Key parameters for randomization:
- Visual: Texture, lighting direction/intensity/color, sky/weather, camera intrinsics/extrinsics
- Geometric: Object placement, scale, orientation, occlusion patterns
- Physical: Surface reflectance (BRDF), motion blur, lens distortion, sensor noise
3.2 Structured Domain Randomization (SDR)
Pure random placement produces physically implausible scenes. SDR uses real-world spatial priors to constrain randomization:
- Objects placed on ground planes, not floating
- Vehicle orientations aligned with road directions
- Pedestrian positions on sidewalks/crossings
- Contextually appropriate object co-occurrences
SDR has been shown to produce improved out-of-distribution generalization compared to unconstrained randomization.
3.3 Meta-Sim
Meta-Sim aims to close the "content gap" by learning to generate task-specific synthetic datasets. It uses a neural network to modify scene attributes (object placement, appearances) to maximize downstream task performance, demonstrated on self-driving car training.
3.4 Published Effectiveness
A critical finding: models trained solely on randomization-based synthetic data can outperform those trained on photorealistic synthetic datasets, and when fine-tuned with limited real data, can surpass models trained on real data alone. This suggests that diversity of variation matters more than individual frame realism.
3.5 Airside-Specific Randomization Strategy
For airport airside environments, the following randomization axes are most impactful:
Lighting and Weather:
- Time of day (airports operate 24/7 with dramatic lighting changes from apron floodlights)

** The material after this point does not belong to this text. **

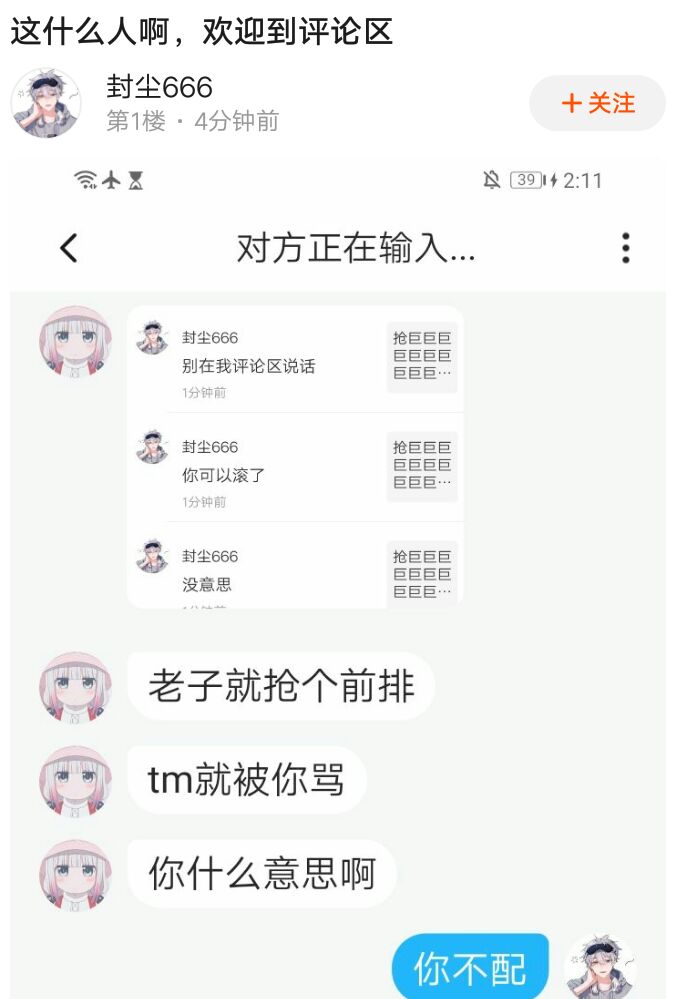 额😓无语了,1.你不是前排别睁眼说瞎话2.不要在我评论区里打广告3.我就说了2句你就开始🐴我,你什么意思?大家帮我举bao一下谢谢

- Weather: rain on tarmac (specular reflections), fog (common at airports), snow/ice on surfaces
- Jet blast heat shimmer near aircraft engines
- Sun glare off aircraft fuselage and terminal glass
Object Variation:
- GSE type diversity: baggage tugs (open/closed cab), belt loaders, pushback tractors, fuel trucks, catering trucks, GPU units, lavatory service vehicles, de-icing trucks
- Aircraft livery randomization across airlines
- GSE fleet age/condition/paint variation
- Worker PPE configurations (hi-vis vest colors, hard hats)
Scene Configuration:
- Gate assignment density (busy vs quiet periods)
- Aircraft type variation at gates (narrow-body vs wide-body geometry)

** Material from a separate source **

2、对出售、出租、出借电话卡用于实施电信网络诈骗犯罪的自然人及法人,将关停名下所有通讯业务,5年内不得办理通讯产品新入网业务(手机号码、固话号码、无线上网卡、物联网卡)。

- Baggage cart train lengths (1-6 carts)
- FOD (foreign object debris) placement on taxiways
- Temporary construction zones with cones and barriers
Sensor Configuration:
- LiDAR mounting height variation (different vehicle platforms)
- Camera mounting position jitter (vibration simulation)
- Sensor degradation (rain drops on lens, LiDAR in fog)
4. Procedural Airport Scene Generation from AIXM/AMXM Geometry
4.1 AIXM and AMXM Data Standards
AIXM (Aeronautical Information Exchange Model) is a GML 3.2.1-based standard developed by the FAA, NGA, and EUROCONTROL for managing and distributing aeronautical information in digital format. It encodes airport area data, airspace structures, navaids, procedures, and routes. AIXM 5.1 uses OGC GML for positional and shape data, implementing the ISO 19107 spatial schema with geometry types including points, lines, and polygons.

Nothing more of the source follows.